Others in that staircase survived the collapse, but could not escape. Mike Warchola, the fire captain on his last day of work, radioed from the rubble that he was around the 12th floor, although the staircase no longer went that high. It is likely that he was among the group that had stopped to help Judith Reese, the woman with asthma from Frank De Martini’s office. None of them made it out. In all, 2,753 people were killed at the trade center.
An hour or so after the collapse, Will Jimeno, buried beneath the plaza, heard a voice coming through the same hole where the l
ight was entering. The voice wanted to know if a particular person was down in the hole. Jimeno could not quite make out the name, but he was delighted by the sound of another human voice.
“No, but Jimeno and McLoughlin, PAPD, are down here,” he yelled.
The voice did not answer, but moved off, and they heard no more from him.

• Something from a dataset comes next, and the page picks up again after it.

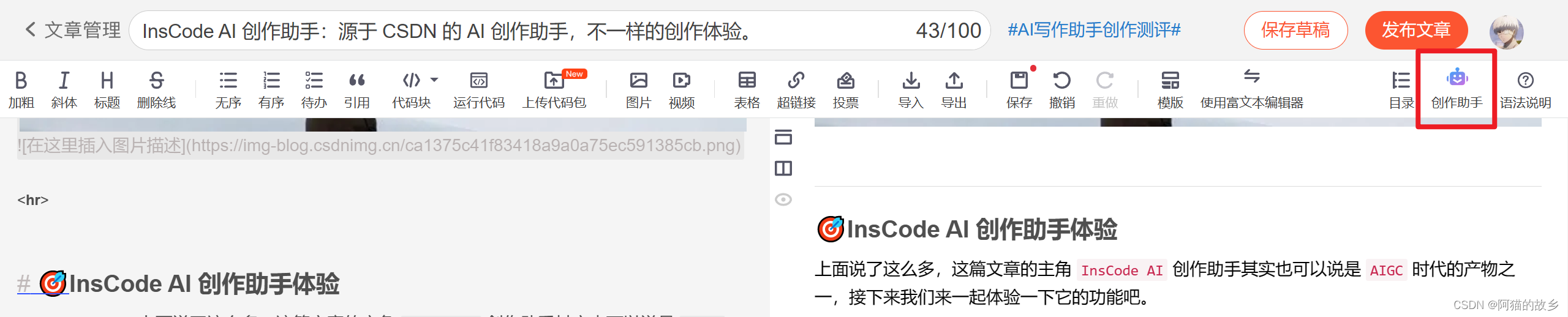 这里我用的是 markdown 编译器写的文章,因此 InsCode AI 在工具栏的右上角,logo 是一个蓝紫渐变色的机器人(快捷键 Ctrl + L),我们在写博客的时候可以很轻松的发现到它。

Balls of fire tumbled into their tiny space, a gust of wind or a draft steering them away, the fire spending itself before it could find another morsel of fuel. Jimeno, thirty-three years old, felt that death was near. His wife, Allison, and their four-year-old daughter, Bianca, would be sad, but proud, he thought. The Jimenos’ second child was due at the end of November. So he prayed.
Please, God, let me see my little unborn child.
Jimeno tried to make a bargain. He might die, but surely there was a way he could do something for this child.
Somehow in the future, he prayed, let me touch this baby.
Then shots rang out.
The fireballs had apparently heated up the gun of the late Dominick Pezzulo. The rounds pinged off pipes and concrete, erratic and unpredictable, until the last of the ammunition was gone.
With his one free arm, Jimeno reached his gun belt for something to dig with. He had graduated from the Port Authority Police Academy in January and was issued the standard police tools, but he already owned his own handcuffs—a pair made by Smith & Wesson, bought when he was a security guard in a store, arresting shoplifters. He scraped at the rubble with them, but the cuffs slipped out of his hands, and he could not find them again.